SOURCE MATERIAL:

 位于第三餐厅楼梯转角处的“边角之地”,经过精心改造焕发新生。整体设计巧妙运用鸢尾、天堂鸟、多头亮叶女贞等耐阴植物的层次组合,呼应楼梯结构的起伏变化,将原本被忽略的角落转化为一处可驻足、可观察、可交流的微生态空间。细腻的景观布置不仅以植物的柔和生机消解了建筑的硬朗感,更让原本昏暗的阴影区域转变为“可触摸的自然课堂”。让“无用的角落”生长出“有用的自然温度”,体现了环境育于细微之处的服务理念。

---

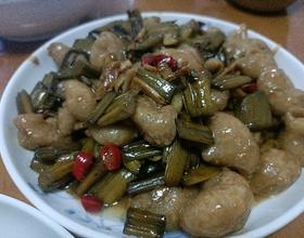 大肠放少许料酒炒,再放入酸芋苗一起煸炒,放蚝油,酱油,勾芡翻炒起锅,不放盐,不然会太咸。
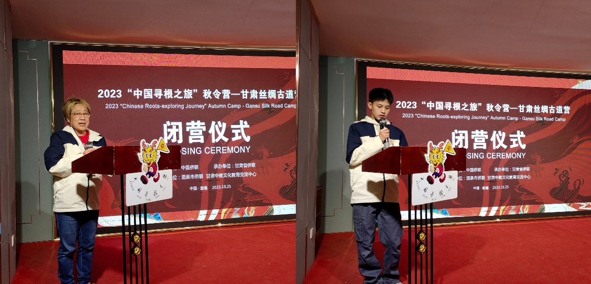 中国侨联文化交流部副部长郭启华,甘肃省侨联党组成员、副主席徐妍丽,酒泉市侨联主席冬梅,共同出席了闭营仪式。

---

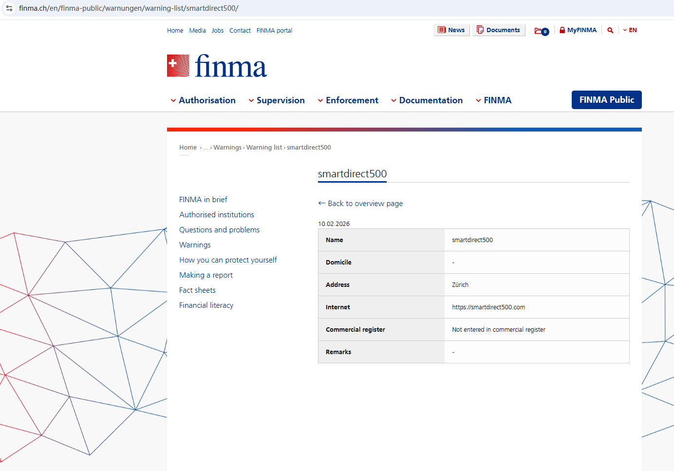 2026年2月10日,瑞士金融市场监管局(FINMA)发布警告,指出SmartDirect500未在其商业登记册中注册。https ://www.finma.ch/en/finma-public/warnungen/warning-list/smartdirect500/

WHAT IS EXPECTED: Return exactly the stretch above whose first line contains "大肠放少许料酒炒,再放入酸芋" and whose last line contains "中国侨联文化交流部副部长郭启", and nothing outside it. The pictures should not appear.

RESPONSE:
 大肠放少许料酒炒,再放入酸芋苗一起煸炒,放蚝油,酱油,勾芡翻炒起锅,不放盐,不然会太咸。
 中国侨联文化交流部副部长郭启华,甘肃省侨联党组成员、副主席徐妍丽,酒泉市侨联主席冬梅,共同出席了闭营仪式。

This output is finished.